Sánchez Ferlosio escribió muchísimo. Su obra es inmensa, porque también tenía unos conocimientos y una lucidez inmensos. No es que yo haya leído toda esa obra, pero sí he leído artículos y entrevistas y me consta que tenía una forma de pensar muy particular y una cultura extensísima. Curiosamente, Javier Cercas, protagonista de mi post anterior, lo menciona como personaje de su novela Soldados de Salamina, lo cual no sorprende si se sabe que el protagonista de esa novela es su padre, Rafael Sánchez Mazas. Sánchez Ferlosio nació en Italia, y tuvo la doble nacionalidad italiana y española, porque en los años veinte su padre andaba por ese país, uniendo lazos. Uno de esos lazos lo unió a Liliana Ferlosio, la italiana que fue su esposa y madre del Rafael que murió hoy. También ató otros lazos, de naturaleza ideológica, con los fascistas italianos y con aquella corriente de pensamiento que luego trajo lo que trajo a toda Europa.

Decía antes que Sánchez Ferlosio escribió muchísimo, pero novelas solo escribió tres, y de esas he leído dos: la citada Alfanhuí y El Jarama. La segunda le valió el premio Nadal de 1955 y lo convirtió en un escritor famoso. Es la historia de una muerte accidental y de las reflexiones que esa muerte provoca en un grupo de jóvenes madrileños de los años cincuenta. Las dos obras me parecen magistrales, y lamento mucho que este autor no siguiera por el camino de la narrativa de ficción para regalarnos más momentos como los que pasé, de niño y de joven, con esos dos libros.

Ese escritor tan prolífico y tan famoso no publicó más que otra novela, la tercera, que se titula El testimonio de Yarfoz, de la que no sé nada. Desde muy pronto se especializó en el ensayo, género del que publicó una infinidad de obras. En 2004 le dieron el premio Cervantes y en 2009 el Premio Nacional de las Letras Españolas. No sé si habrá algún otro premiado de esas categorías con tan poquísima obra narrativa, puede que sí.
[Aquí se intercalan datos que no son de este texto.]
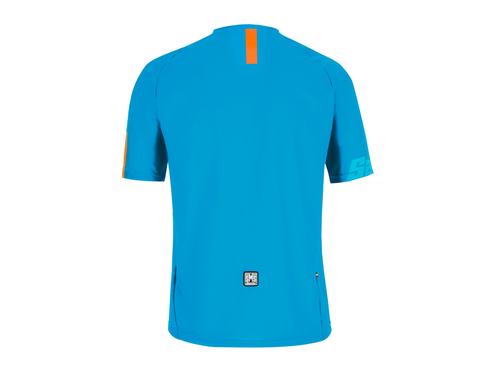 SANTINI MTB Sasso Jersey je dres, který vás nebude omezovat v terénu. Je volný a lehký s kulatým límcem pro větší pohodlí a prodlouženými zády pro perfektní krytí pod batohem. Model je vyroben ze speciální látky, která je odolnější vůči oděru způsobenému drsným ježděním nebo odřením batohem. Nejen praktická, ale i stylová záležitost.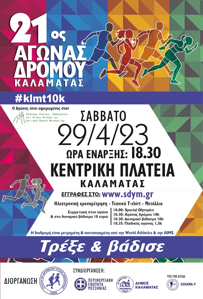 Το Σάββατο 29 Απριλίου θα πραγματοποιηθεί ο 21ος Αγώνας Δρόμου Καλαμάτας.

Quizá debería buscar más obras suyas y leerlas, pero reconozco que cuando veo la temática de todos esos ensayos me cuesta un poco lanzarme. Quizás debido a mi cultura lacustre, la dosis de erudición que puedo aguantar a estas alturas de mi vida está muy mermada.

En fin, descanse usted en paz, don Rafael, y muchísimas gracias por dejarme (dejarnos) esas dos novelas fascinantes.